AI / LLM

Semantic vs Agentic RAG

May 15, 20268 min readAILLM

A team has shipped semantic RAG. The eval set is real, the reranker is in place, costs are predictable. Some queries still come back wrong, and the internet has opinions about agentic RAG being the answer. The question is when the upgrade earns its cost.

This short guide compares the two. The argument it defends: default to semantic, add agentic in measured steps, against benchmark numbers, on the slice of traffic that needs it. The expensive thing in 2026 is not building either pipeline. It is paying for unnecessary agentic loops in production.

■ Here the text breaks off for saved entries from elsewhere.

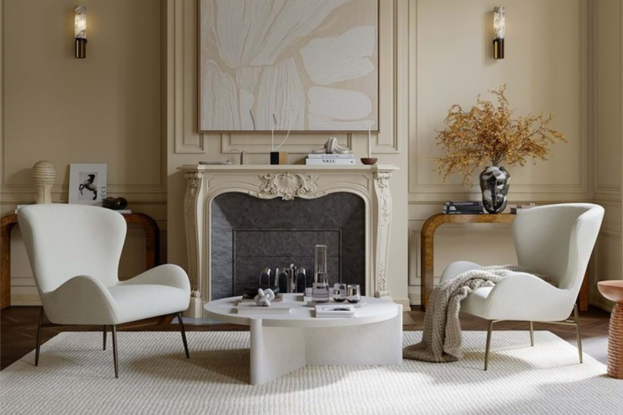 The GLAM bone white bouclé lounge chair with low back design offers a perfect balance of comfort and elegance, ideal for modern living spaces.
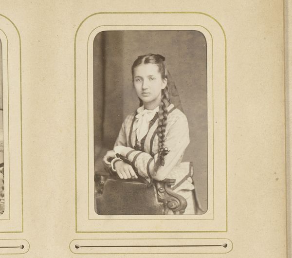 This is a photograph by Friedrich Julius von Kolkow, titled "Portret van een staande vrouw bij een stoel" or "Portrait of a standing woman by a chair". Although undated, this image reflects mid-19th-century values in Prussia. Photography was becoming more accessible, yet portraiture retained an aura of formality. This woman's somber dress and restrained pose speak to the era's emphasis on modesty and decorum. The chair, a common studio prop, subtly implies status and refinement. Consider the institutional context: why was this image created? Was it a private memento, or intended for public display? The very act of posing for a photograph was then a self-conscious performance, reinforcing social expectations. By examining fashion trends, photographic practices, and social norms, the historian can reveal how this image participated in the visual culture of its time. Studying family albums, studio records, and etiquette guides can offer a deeper understanding of this woman's world.
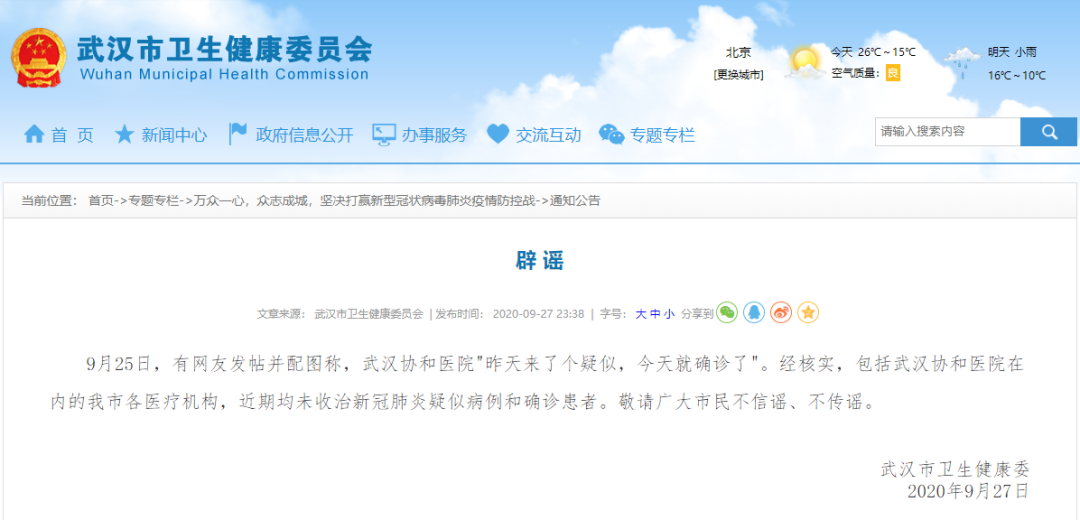 武汉市卫健委官网9月27日消息,9月25日,有网友发帖并配图称,武汉协和医院“昨天来了个疑似,今天就确诊了”。经核实,包括武汉协和医院在内的武汉市各医疗机构,近期均未收治新冠肺炎疑似病例和确诊患者。敬请广大市民不信谣、不传谣。
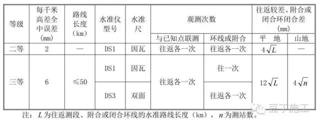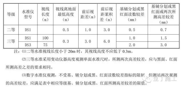 ⑶数字水准仪观测,不受基、辅分划或黑、红面读数较差指标的限制,但测站两次观测的高差较差,应满足表中相应等级基、辅分划或黑、红面所测高差较差的限值。
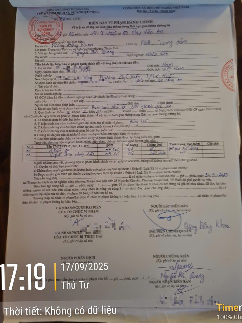 Sau khi nhận được thông tin phản ánh, Trung tâm Dịch vụ sự nghiệp công phường Thuận Hoá đã chỉ đạo bộ phận trật tự xây dựng - trật tự đô thị tiến hành kiểm tra tại điểm phản ánh và lập biên bản vi phạm hành chính về lỗi vi phạm lấn chiếm vỉa hè để buôn bán. (Có hình ảnh kèm theo)
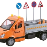 Zum Lieferumfang gehören Verkehrspylonen, Schilder, Barrieren und kleines Werkzeug, mit denen Kinder im Handumdrehen eine eigene Baustelle oder Straßensperre gestalten. Die robuste Kunststoffausführung ist sicher und für den täglichen Spielgebrauch geeignet.
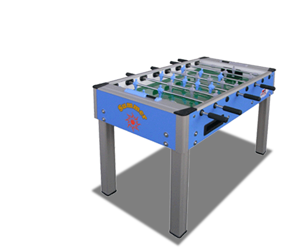 Tavolo senza gettoniera con recupero goal da due feritoie poste sul fianco del mobile.

The contrast in one paragraph each

Semantic RAG is a fixed, author-controlled pipeline: chunk, embed, retrieve top-k, optionally rerank, paste into a prompt, call the model once. Retrieval policy, k, filters, and prompt are decided in code. One retrieval, one generation call.

Agentic RAG hands flow control to the model. The model decides whether to retrieve, what to query, which tool to use, whether the evidence is sufficient, and whether to loop. The harness defines the state machine; the model walks it.

This is the same workflows-vs-agents distinction from Anthropic's Building Effective Agents: "for many applications, optimizing single LLM calls with retrieval and in-context examples is usually enough."

What the benchmarks say

Self-RAG vs vanilla RAG (Asai et al., 2023):

Task	Llama2-13B RAG	Ret-ChatGPT	Self-RAG 13B
PopQA	14.7	50.8	55.8
PubHealth	16.0	54.7	74.5
Bio (FactScore)	55.9	71.8	80.2

CRAG vs Self-RAG (Yan et al., 2024, on SelfRAG-LLaMA2-7B):

Method	PopQA	PubHealth	Bio
Vanilla RAG	40.3	39.0	59.2
Self-RAG	54.9	72.4	81.2
Self-CRAG	61.8	74.8	86.2

Adaptive-RAG (Jeong et al., NAACL 2024, F1 with FLAN-T5-XL):

Dataset	Single-step	Multi-step	Adaptive
SQuAD	36.8	35.6	38.3
Natural Questions	47.3	41.8	47.3
MuSiQue	16.2	31.9	31.8
HotpotQA	41.4	56.5	53.8

The interesting fact is not that multi-step wins on hard datasets. It is that single-step wins on easy ones. Adaptive-RAG matches multi-step accuracy at roughly half the cost on the easy half of the distribution.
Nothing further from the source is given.